Published on: 2015 || Format: ebook || Location: Japan
One line review: In a magical underground cafe, patrons visit to have coffee or a snack, to meet friends, or occasionally to travel back in time to visit someone from the past.
You can’t meet people who haven’t visited this café. The present cannot change. There is only one seat that takes you to the past, and you cannot move from it. Then, there is the time limit.
Thoughts:
For whatever reason, Before the Coffee Gets Cold is everywhere now. And for good reason. It has a splendid premise, it is a short and fast read, and every story (yes, this is a four-story collection with the same characters) dives right in that you are not waiting too long to unravel the mystery here.
The cafe, Funiculi Funicula, has been featured in several news stories already so it isn't exactly a well-kept secret. Patrons are not necessarily rushing into the door for a chance to travel through time. Instead, many have asked what is the point of being able to travel in time if you cannot change the present. And that is one of the disclaimers that every wannabe time traveler is told while getting the introduction to the do's and don'ts. And that's not all. They have to come back before the coffee gets cold, they can only visit people who have been to the cafe, they cannot leave the chair that takes them to the past, and so on. Still, there are several, spurred by curiosity or grief, who want to make a trip.
The four interconnected stories in this book follow the same characters and the circumstances which compel them to want to travel to the past. There's the woman whose lover decides to end their relationship and leave the country. Overwhelmed by the grief of losing him, she wants to go back and redo the breakup. Even if the guy was still going to leave, at least she can feel less bad about it if she could understand where it is coming from. Another woman wants to meet her husband before he starts getting changed by Alzheimer's disease. The shock of being forgotten by him has caused her to revisit the last few years. Through these stories, we meet many other characters, not all of whom take the chair but are all part of the air of intrigue in the cafe.

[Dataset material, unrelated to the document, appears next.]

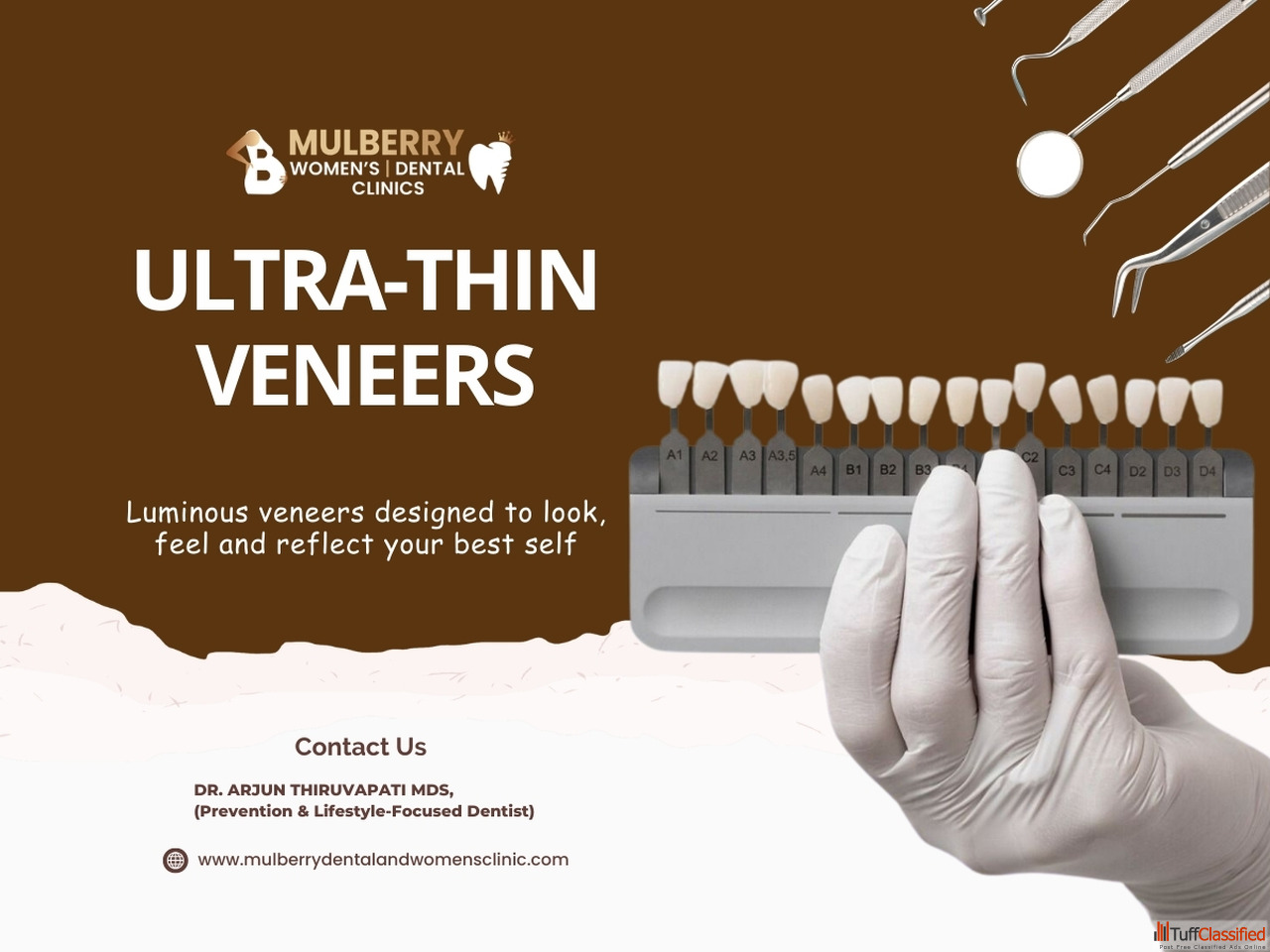 Many individuals feel self-conscious about uneven, stained or chipped teeth. At Mulberry Dental and Women's Care Clinic, we understand the impact of dental imperfections on confidence and daily life. Our treatments on dental veneers in Hyderabad, led by Dr. Arjun Thiruvaipati, provides a fast and effective solution for improving the appearance of your teeth. Veneers can transform smiles by covering imperfections and offering uniformity, giving patients a natural, bright and flawless look.

Although it took me a while to get to this book, I'm glad I did. I did take much longer to finish it than it should have, mainly because some of the themes begin to feel repetitive. Things take a very dire and opposite direction at the end, which made for an interesting and bittersweet way to finish the book. I liked the way the book addressed the question of why people are choosing to go to the past when they cannot change anything. I can't imagine everyone would have had the same impact but it was a happy sentiment that makes it worthwhile.
Keeping in mind that you cannot change the past or the present, is there anyone you would want to meet in the past?